#### [Entries provided]
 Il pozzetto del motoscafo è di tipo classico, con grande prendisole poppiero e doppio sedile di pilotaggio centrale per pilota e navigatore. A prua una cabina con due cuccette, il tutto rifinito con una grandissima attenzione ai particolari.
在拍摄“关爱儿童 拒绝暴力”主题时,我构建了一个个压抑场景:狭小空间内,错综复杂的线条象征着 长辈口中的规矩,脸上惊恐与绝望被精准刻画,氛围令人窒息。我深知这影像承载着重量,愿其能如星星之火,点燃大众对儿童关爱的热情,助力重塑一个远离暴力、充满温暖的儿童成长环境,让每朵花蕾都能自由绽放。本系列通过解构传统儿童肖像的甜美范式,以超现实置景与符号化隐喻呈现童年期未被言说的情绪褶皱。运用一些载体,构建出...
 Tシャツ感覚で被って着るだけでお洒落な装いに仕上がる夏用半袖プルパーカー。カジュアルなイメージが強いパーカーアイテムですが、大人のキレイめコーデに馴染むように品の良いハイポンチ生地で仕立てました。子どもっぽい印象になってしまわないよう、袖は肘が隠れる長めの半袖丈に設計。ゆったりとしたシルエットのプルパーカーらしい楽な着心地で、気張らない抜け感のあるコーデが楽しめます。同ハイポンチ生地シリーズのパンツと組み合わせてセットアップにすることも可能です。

---

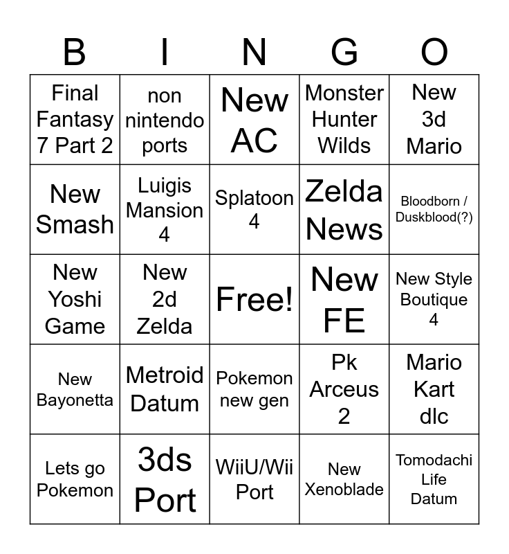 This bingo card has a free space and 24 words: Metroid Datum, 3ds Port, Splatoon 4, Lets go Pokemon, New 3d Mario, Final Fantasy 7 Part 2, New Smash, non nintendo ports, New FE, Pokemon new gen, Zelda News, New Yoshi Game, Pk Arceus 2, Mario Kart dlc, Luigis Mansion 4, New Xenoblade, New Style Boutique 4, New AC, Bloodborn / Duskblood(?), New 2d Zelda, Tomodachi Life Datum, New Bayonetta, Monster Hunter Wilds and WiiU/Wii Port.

#### [What to do]
Please return only the lines above, starting at the line that has "Il pozzetto del" and ending at the line that has "Tシャツ感覚で被って着るだけ", keeping both and leaving each one unchanged.

#### [Result]
 Il pozzetto del motoscafo è di tipo classico, con grande prendisole poppiero e doppio sedile di pilotaggio centrale per pilota e navigatore. A prua una cabina con due cuccette, il tutto rifinito con una grandissima attenzione ai particolari.
在拍摄“关爱儿童 拒绝暴力”主题时,我构建了一个个压抑场景:狭小空间内,错综复杂的线条象征着 长辈口中的规矩,脸上惊恐与绝望被精准刻画,氛围令人窒息。我深知这影像承载着重量,愿其能如星星之火,点燃大众对儿童关爱的热情,助力重塑一个远离暴力、充满温暖的儿童成长环境,让每朵花蕾都能自由绽放。本系列通过解构传统儿童肖像的甜美范式,以超现实置景与符号化隐喻呈现童年期未被言说的情绪褶皱。运用一些载体,构建出...
 Tシャツ感覚で被って着るだけでお洒落な装いに仕上がる夏用半袖プルパーカー。カジュアルなイメージが強いパーカーアイテムですが、大人のキレイめコーデに馴染むように品の良いハイポンチ生地で仕立てました。子どもっぽい印象になってしまわないよう、袖は肘が隠れる長めの半袖丈に設計。ゆったりとしたシルエットのプルパーカーらしい楽な着心地で、気張らない抜け感のあるコーデが楽しめます。同ハイポンチ生地シリーズのパンツと組み合わせてセットアップにすることも可能です。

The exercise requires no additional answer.